WHAT YOU HAVE TO DO - Every record that follows should be copied exactly. No picture belongs in the copy.

INFORMATION PROVIDED -
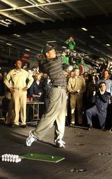 | Keywords: US Navy 040303-N-5319A-009 Sailors watch professional golfer Tiger Woods hit a few golf balls during a demonstration in the hanger bay of the nuclear powered aircraft carrier USS George Washington (CVN 73).jpg en Arabian Gulf Mar 3 2004 Sailors watch professional golfer Tiger Woods hit a few golf balls during a demonstration in the hanger bay of the nuclear powered aircraft carrier USS George Washington CVN 73 Tiger Woods accompanied by his fiancé Elin Nordegren PGA player Mark O Meara and caddies Steve Williams and Greg Rita visited the Norfolk Va Based carrier in the Arabian Gulf before participating in the European PGA Tour s Dubai Desert Classic on Thursday The George Washington Carrier Strike Group CSG and Carrier Air Wing Seven CVW-7 are deployed to the Arabian Gulf in support of Operations Iraqi and Enduring Freedom U S Navy photo by Photographer's Mate 1st Class Brien Aho RELEASED 2004-03-03 040303-N-5319A-009 Navy http //www navy mil/view_image asp id 12367 U S Navy photo by Photographer's Mate 1st Class Brien Aho PD-USGov-Military-Navy Aboard USS George Washington CVN-73 Tiger Woods in 2004 |
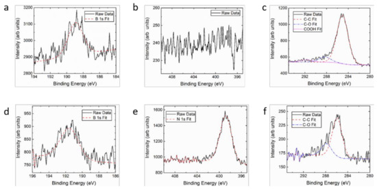 To better understand the above results, we explored the isolated exposure of either TEB or NH3 to the Ni surface (Figure 5). XPS of TEB exposure (Figure 5a,b) reveals the B 1s peak (~189 eV) with no trace of any nitrogen (~398 eV). From Figure 5c we can observe the presence of graphitic-like C bonding, which is in agreement with the graphitic carbon found in Figure 4 from the early TEB sample. Other groups have published on the formation of a B-Ni alloy layer which determined the resulting film thickness [33]. Based on the fitting of the XPS data in Figure 5d, we can confirm the claim that there is the formation of B-Ni bonding when the boron precursor is exposed to the surface alone. Somewhat interestingly, although no sign of B—N bonding is seen in the TEB-only sample, the same was not true for the NH3-only sample (Figure 5d–f). In this sample, we unexpectedly observe the presence of B even though no boron source was intentionally added during this growth process. From this, we can assume that the platter used to hold the substrates holds some non-zero amount of B (from previous runs, as the same platter was used for all samples) which became active during our precursor experiment and deposited on the surface of our sample in very small quantities as BN due to the presence of the nitrogen precursor NH3.
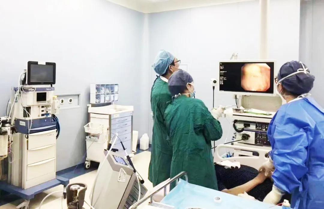 呼吸內科二病區(qū)韓新鵬主任得知后,考慮患者存在氣管內異物,需緊急處理,第一時間匯報胸科醫(yī)院吳昌歸院長,并立即趕赴醫(yī)院,部署各項工作。在吳昌歸院長的指導下,韓新鵬主任帶領科室團隊(樊建勇副主任醫(yī)師、張黎媛主治醫(yī)師、氣管鏡室陳娟等人),為患者實施“電子支氣管鏡冷凍治療術 異物取出術”?;颊呷朐翰坏?小時,就徹底解決了呼吸道阻塞的問題。
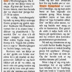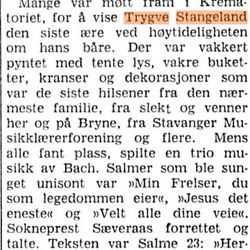 Trygve Stangeland var en enestående pedagog,som spente seg over et stort register. Med sin psykologiske innsikt fikk han frem det beste i hver elev. Han var levende interessert i alle, og studentene ble som en del av ham selv. Stangeland var en elsket mann, og pianotimene hans ble en rik opplevelse.
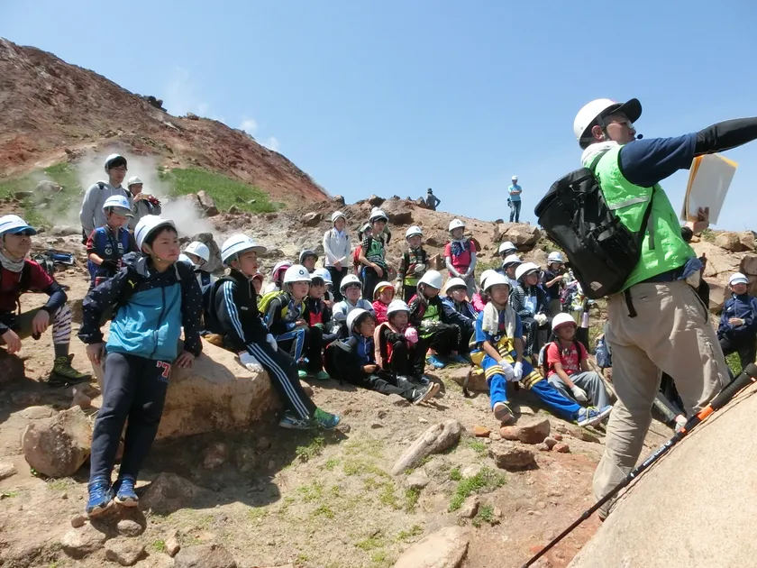 昭和新山ジオツアー減災文化継承プログラム 子供郷土史講座でガイドする様子
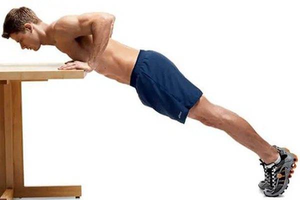 Отжимайтесь от стола. Выполнение отжиманий выше горизонтального положения способны подготавливать мышцы к упору лежа. Техника уже напоминает отжимания от пола, но позволяет снизить нагрузку на мышцы. Постепенное увеличение количества повторений приведет к тонусу необходимых мышц, выполняя максимальное количество повторений.
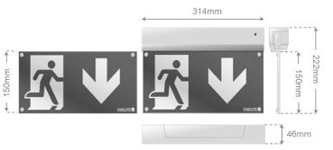 Self-contained Dynamic edge-lit exit sign utilising an LED light source. Pastic body suitable for use in ceiling or walls. ISO legend illumination compliant with the requirements of EN1838. Luminaire compliant to EN60598-2-22, ISO 30061, ISO 3864-1 & ISO 3864-4. Pictograms format compliant to ISO 7010.

YOUR RESPONSE -
 | Keywords: US Navy 040303-N-5319A-009 Sailors watch professional golfer Tiger Woods hit a few golf balls during a demonstration in the hanger bay of the nuclear powered aircraft carrier USS George Washington (CVN 73).jpg en Arabian Gulf Mar 3 2004 Sailors watch professional golfer Tiger Woods hit a few golf balls during a demonstration in the hanger bay of the nuclear powered aircraft carrier USS George Washington CVN 73 Tiger Woods accompanied by his fiancé Elin Nordegren PGA player Mark O Meara and caddies Steve Williams and Greg Rita visited the Norfolk Va Based carrier in the Arabian Gulf before participating in the European PGA Tour s Dubai Desert Classic on Thursday The George Washington Carrier Strike Group CSG and Carrier Air Wing Seven CVW-7 are deployed to the Arabian Gulf in support of Operations Iraqi and Enduring Freedom U S Navy photo by Photographer's Mate 1st Class Brien Aho RELEASED 2004-03-03 040303-N-5319A-009 Navy http //www navy mil/view_image asp id 12367 U S Navy photo by Photographer's Mate 1st Class Brien Aho PD-USGov-Military-Navy Aboard USS George Washington CVN-73 Tiger Woods in 2004 |
 To better understand the above results, we explored the isolated exposure of either TEB or NH3 to the Ni surface (Figure 5). XPS of TEB exposure (Figure 5a,b) reveals the B 1s peak (~189 eV) with no trace of any nitrogen (~398 eV). From Figure 5c we can observe the presence of graphitic-like C bonding, which is in agreement with the graphitic carbon found in Figure 4 from the early TEB sample. Other groups have published on the formation of a B-Ni alloy layer which determined the resulting film thickness [33]. Based on the fitting of the XPS data in Figure 5d, we can confirm the claim that there is the formation of B-Ni bonding when the boron precursor is exposed to the surface alone. Somewhat interestingly, although no sign of B—N bonding is seen in the TEB-only sample, the same was not true for the NH3-only sample (Figure 5d–f). In this sample, we unexpectedly observe the presence of B even though no boron source was intentionally added during this growth process. From this, we can assume that the platter used to hold the substrates holds some non-zero amount of B (from previous runs, as the same platter was used for all samples) which became active during our precursor experiment and deposited on the surface of our sample in very small quantities as BN due to the presence of the nitrogen precursor NH3.
 呼吸內科二病區(qū)韓新鵬主任得知后,考慮患者存在氣管內異物,需緊急處理,第一時間匯報胸科醫(yī)院吳昌歸院長,并立即趕赴醫(yī)院,部署各項工作。在吳昌歸院長的指導下,韓新鵬主任帶領科室團隊(樊建勇副主任醫(yī)師、張黎媛主治醫(yī)師、氣管鏡室陳娟等人),為患者實施“電子支氣管鏡冷凍治療術 異物取出術”?;颊呷朐翰坏?小時,就徹底解決了呼吸道阻塞的問題。
 Trygve Stangeland var en enestående pedagog,som spente seg over et stort register. Med sin psykologiske innsikt fikk han frem det beste i hver elev. Han var levende interessert i alle, og studentene ble som en del av ham selv. Stangeland var en elsket mann, og pianotimene hans ble en rik opplevelse.
 昭和新山ジオツアー減災文化継承プログラム 子供郷土史講座でガイドする様子
 Отжимайтесь от стола. Выполнение отжиманий выше горизонтального положения способны подготавливать мышцы к упору лежа. Техника уже напоминает отжимания от пола, но позволяет снизить нагрузку на мышцы. Постепенное увеличение количества повторений приведет к тонусу необходимых мышц, выполняя максимальное количество повторений.
 Self-contained Dynamic edge-lit exit sign utilising an LED light source. Pastic body suitable for use in ceiling or walls. ISO legend illumination compliant with the requirements of EN1838. Luminaire compliant to EN60598-2-22, ISO 30061, ISO 3864-1 & ISO 3864-4. Pictograms format compliant to ISO 7010.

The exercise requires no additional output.